* WHAT YOU NEED TO DO:
Among the entries below, retype exactly the lines starting with the one with "Çalışma bakanın attığı" and going on through the one with "利用客の利便性・満足度向上と", but not the pictures.

* GIVEN RECORDS:
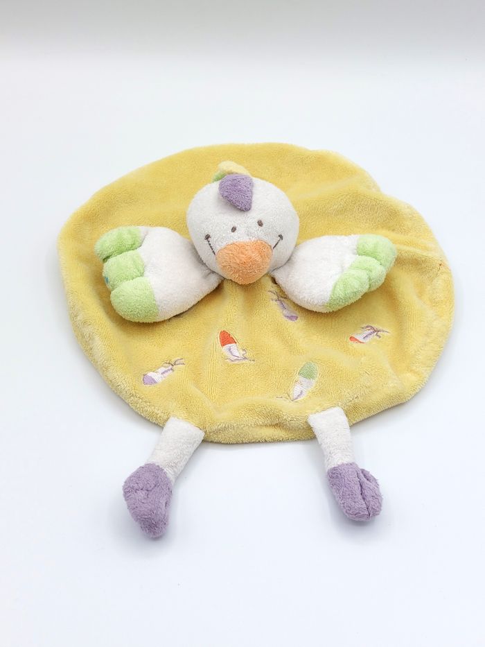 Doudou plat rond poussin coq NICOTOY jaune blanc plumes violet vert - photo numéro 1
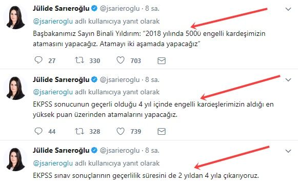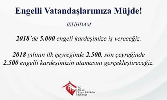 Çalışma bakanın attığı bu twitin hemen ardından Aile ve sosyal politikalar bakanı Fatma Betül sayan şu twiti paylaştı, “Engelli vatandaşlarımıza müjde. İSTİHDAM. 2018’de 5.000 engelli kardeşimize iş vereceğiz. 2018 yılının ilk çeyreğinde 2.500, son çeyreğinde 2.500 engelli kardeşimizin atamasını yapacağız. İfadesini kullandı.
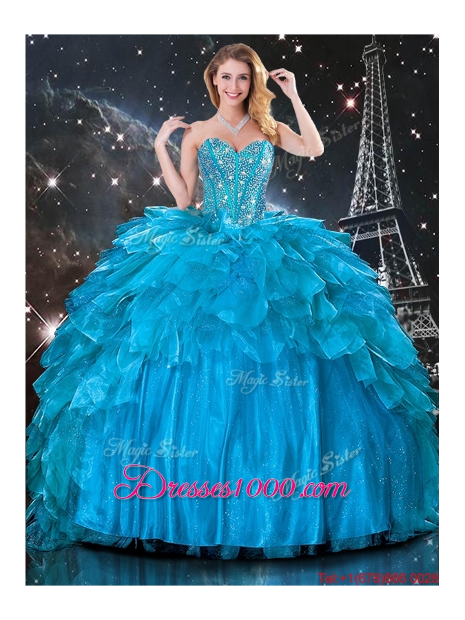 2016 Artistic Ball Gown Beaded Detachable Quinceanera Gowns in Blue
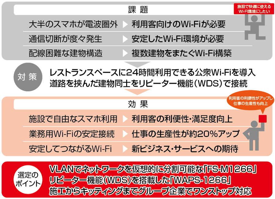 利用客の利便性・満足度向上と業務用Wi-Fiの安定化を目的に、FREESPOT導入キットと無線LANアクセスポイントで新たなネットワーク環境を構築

==

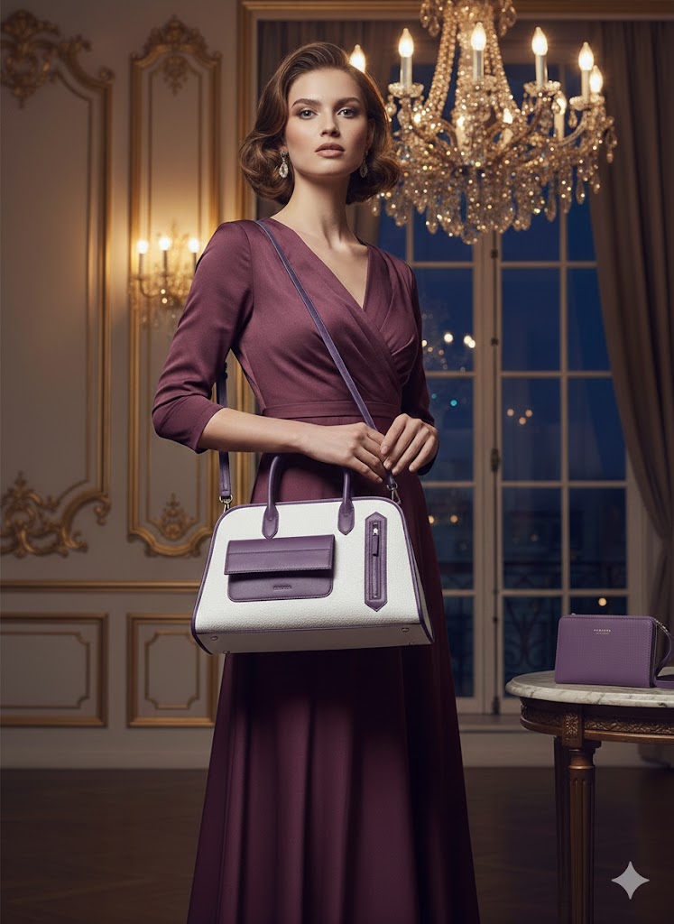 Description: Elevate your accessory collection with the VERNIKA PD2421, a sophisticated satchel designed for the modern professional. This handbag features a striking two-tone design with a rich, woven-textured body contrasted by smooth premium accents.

* EXERCISE OUTPUT:
 Çalışma bakanın attığı bu twitin hemen ardından Aile ve sosyal politikalar bakanı Fatma Betül sayan şu twiti paylaştı, “Engelli vatandaşlarımıza müjde. İSTİHDAM. 2018’de 5.000 engelli kardeşimize iş vereceğiz. 2018 yılının ilk çeyreğinde 2.500, son çeyreğinde 2.500 engelli kardeşimizin atamasını yapacağız. İfadesini kullandı.
 2016 Artistic Ball Gown Beaded Detachable Quinceanera Gowns in Blue
 利用客の利便性・満足度向上と業務用Wi-Fiの安定化を目的に、FREESPOT導入キットと無線LANアクセスポイントで新たなネットワーク環境を構築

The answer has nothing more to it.